Ethan Barker a graduate of McMinn County Schools compared the banned book to other stories he read while in school.
“I don’t think they expected this kind of repercussion from it,” Barker said of the board. “Personally, I don’t see any problem with the book especially when we read books like ‘How to Kill a Mockingbird’ or Huck Finn.”
The room was filled to capacity for the regularly scheduled monthly meeting. Many watched everything unfold in an overflow room. Several people addressed the school board with their concerns about the ban.
“Few curse words they actually have in the book and the one scene they claim as pornography, which is a teeny, teeny, tiny little spot in the book, and you have to be as the author said some sort of sick person to get your kicks off from a half-naked mouse in a teeny tiny corner of a page,” Barker explained.
McMinn County School Board member Mike Cochran said other options are available to teach about the Holocaust.

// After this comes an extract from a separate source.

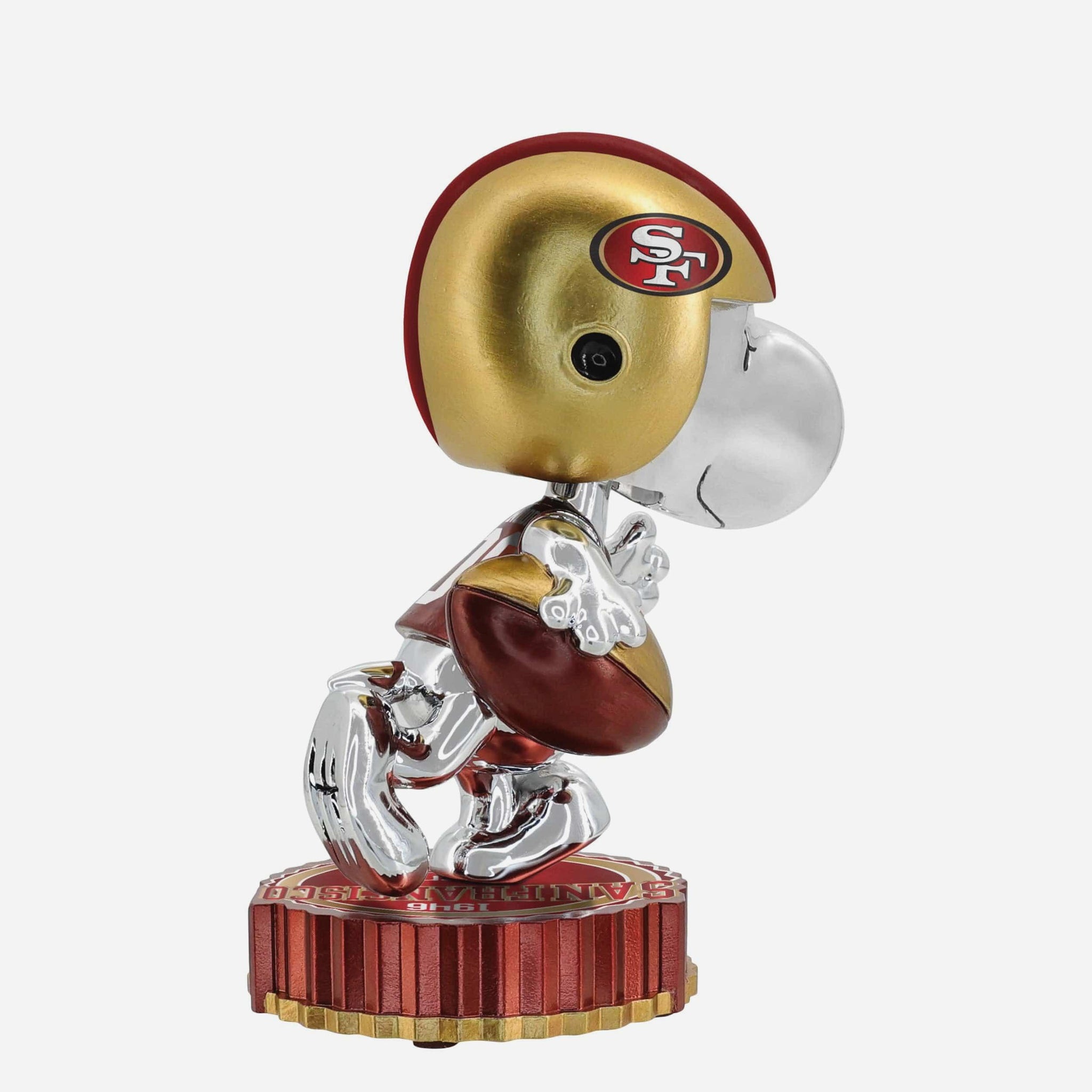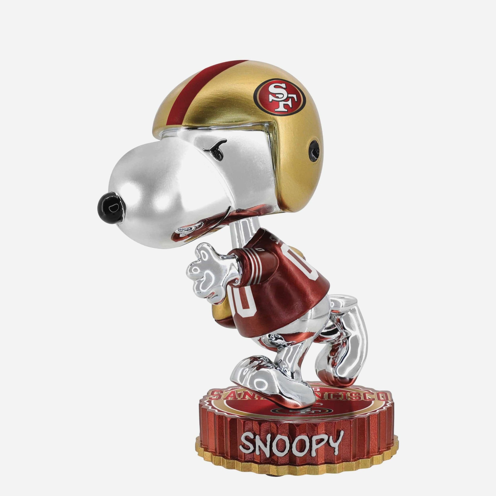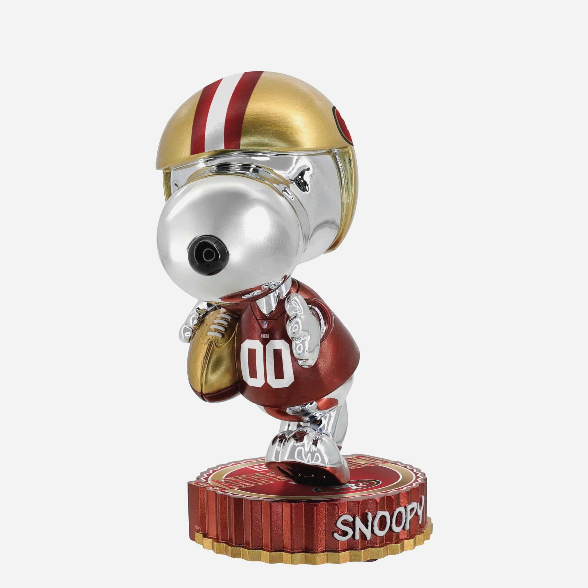 Snoopy is suiting up for game day in dazzling style! Add a little gridiron glow to your collection with this San Francisco 49ers Snoopy Peanuts Electroplated Medium Bighead Bobblehead.

“There are a lot of great books out there that don’t use the profanity, that don’t use the unnecessary content to teach it,” he said. “As a parent, you have every right to put that in front of your child, but you don’t have the right to put that in someone else’s child’s hands and that’s how I feel about the school board.”
Waters says the ban goes beyond just “Maus.”
“It’s about a whole attitude,” she said. “Cultural, social, economic toward literacy and what literacy means. If we rob children of literacy in the schools, we’re not only robbing them of their present but also their future.”
“Most of the media is saying we don’t want to teach the Holocaust or we’re backcountry hicks that don’t understand what’s going on,” Cochran said. “We’re all educated. We all understand the Holocaust very well. We have forefathers that went over there and liberated some of those camps, so we want it taught and we want it taught well.”